Neue nachhaltige Rennserie mit Wasserstoff-Autos soll den Motorsport beleben – und Werbung für die Wasserstofftechnologie machen

Mit 81 Jahren nochmal was reißen – das kann nur ein Mittelständler sein. Und Schwabe dazu. Hans Werner Aufrecht ist beides. Der Gründer von Mercedes AMG kümmert sich jetzt als Aufsichtsratschef beim Unternehmen HWA AG mit Sitz in Affalterbach (Landkreis Rems-Murr) um die Zukunft des Motorsports. Seine Vision und die der Partner von ADAC, Dekra und DMSB (Deutscher Motor Sport Bund): Ab dem Jahr 2023 soll mit der HYRAZE League die weltweit erste Automobil-Rennserie an den Start gehen, die auf umweltfreundlich produzierten Wasserstoff als Energieträger setzt.

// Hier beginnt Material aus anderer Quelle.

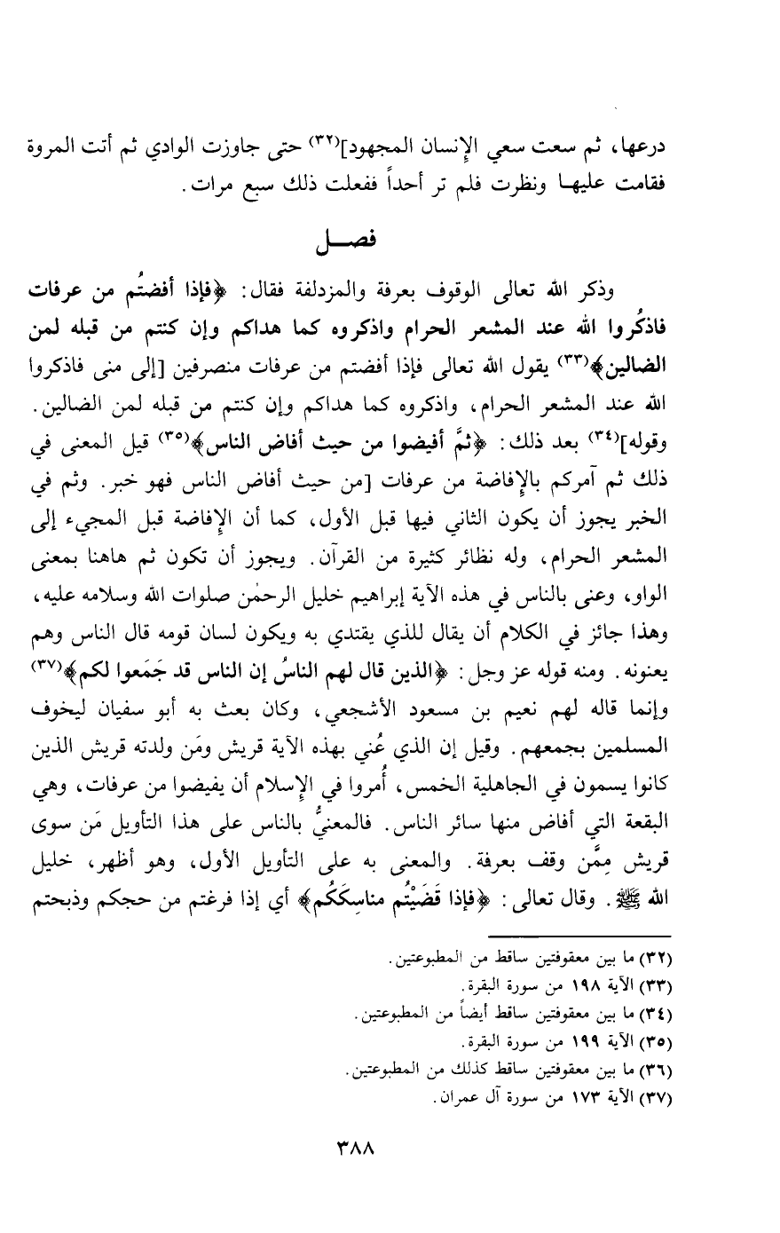 وذكر الله تعالى الوقوف بعرفة والمزدلفة فقال: {فَإِذَا أَفَضْتُمْ مِنْ عَرَفَاتٍ فَاذْكُرُوا اللَّهَ عِنْدَ الْمَشْعَرِ الْحَرَامِ وَاذْكُرُوهُ كَمَا هَدَاكُمْ وَإِنْ كُنْتُمْ مِنْ قَبْلِهِ لَمِنَ الضَّالِّينَ} [البقرة: 198] يقول الله تعالى فإذا أفضتم من عرفات منصرفين [إلى منى فاذكروا الله عند المشعر الحرام، واذكروه كما هداكم وإن كنتم من قبله لمن الضالين. وقوله]، بعد ذلك: {ثُمَّ أَفِيضُوا مِنْ حَيْثُ أَفَاضَ النَّاسُ} [البقرة: 199] قيل: المعنى في ذلك ثم آمركم بالإفاضة من عرفات من حيث أفاض الناس فهو خبر. وثم في الخبر يجوز أن يكون الثاني فيها قبل الأول، كما أن الإفاضة قبل المجيء إلى المشعر الحرام، وله نظائر كثيرة من القرآن. ويجوز أن تكون ثم هاهنا بمعنى الواو، وعنى بالناس في هذه الآية إبراهيم خليل الرحمن - صَلَوَاتُ اللَّهِ وَسَلَامُهُ عَلَيْهِ -، وهذا جائز في الكلام أن يقال للذي يقتدى به ويكون لسان قومه قال الناس وهم يعنونه. ومنه قوله عز وجل: {الَّذِينَ قَالَ لَهُمُ النَّاسُ إِنَّ النَّاسَ قَدْ جَمَعُوا لَكُمْ} [آل عمران: 173] وإنما قاله لهم نعيم بن مسعود الأشجعي، وكان بعث به أبو سفيان ليخوف المسلمين بجمعهم. وقيل: إن الذي عني بهذه الآية قريش ومن ولدته قريش الذين كانوا يسمون في الجاهلية الخمس، أمروا في الإسلام أن يفيضوا من عرفات، وهي البقعة التي أفاض منها سائر الناس. فالمعنى بالناس على هذا التأويل من سوى قريش ممن وقف بعرفة. والمعنى به على التأويل الأول، وهو أظهر، خليل الله - صَلَّى اللَّهُ عَلَيْهِ وَسَلَّمَ -. وقال تعالى: {فَإِذَا قَضَيْتُمْ مَنَاسِكَكُمْ} [البقرة: 200] أي إذا فرغتم من حجكم وذبحتم

Es entsteht eine nahezu emissionsfreie, sichere und zukunftsfähige Form des Motorsports, die zugleich Entertainment auf der Höhe der Zeit bietet. Die Rennen werden mit 800 PS starken Wasserstoff-Autos ausgetragen. Die Energie für den emissionsfreien Antrieb liefert grüner Wasserstoff, der in den beiden Brennstoffzellen der Rennfahrzeuge in Strom für die 4 Elektromotoren umgewandelt wird. Was uns als Liberaler Mittelstand freut: Das Projekt hat seine Heimat in Baden-Württemberg. Vor wenigen Tagen wurde es bei der Dekra in Stuttgart vorgestellt. Beteiligt sind außerdem die Schaeffler AG und der E-Sport-Verband WESA.

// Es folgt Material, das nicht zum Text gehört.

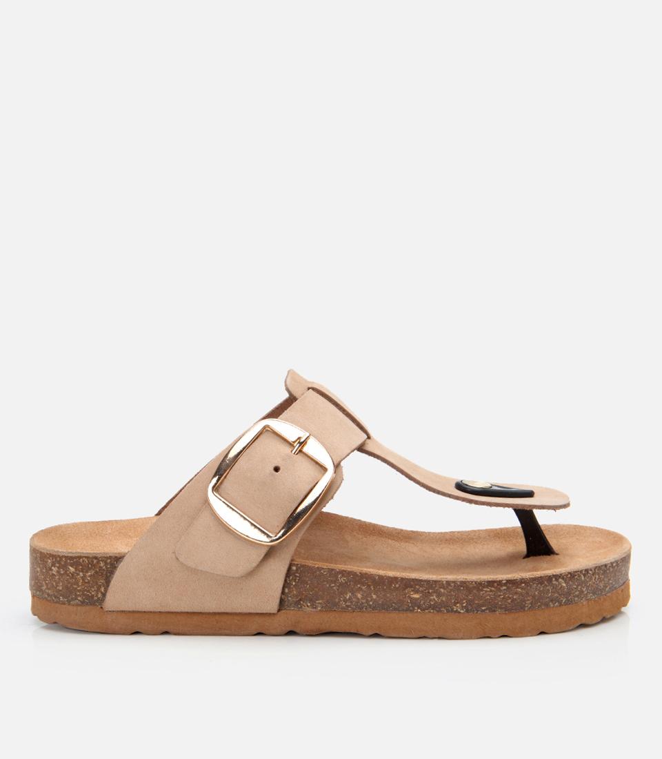 Kadın Nubuk Deri Bej Kemerli Parmak Arası Terlik

Fahrzeug fängt Bremsstaub ein, danach wird er entsorgt

Die HYRAZE League geht nicht nur beim Antriebskonzept neue Wege. Einzigartig im internationalen Rennsport wird auch das Bremssystem der allradgetriebenen Fahrzeuge. Denn jeglicher anfallende Bremsstaub entweicht nicht unkontrolliert in die Umwelt, sondern wird im Fahrzeug aufgefangen und im Nachhinein umweltneutral entsorgt. Spezielle, aus schnell nachwachsenden Rohstoffen entwickelte Reifen sorgen außerdem für eine Minimierung des Reifenabriebs. Zusammen mit einer strikt limitierten Anzahl von Reifen reduziert sich die Feinstaubbelastung wesentlich.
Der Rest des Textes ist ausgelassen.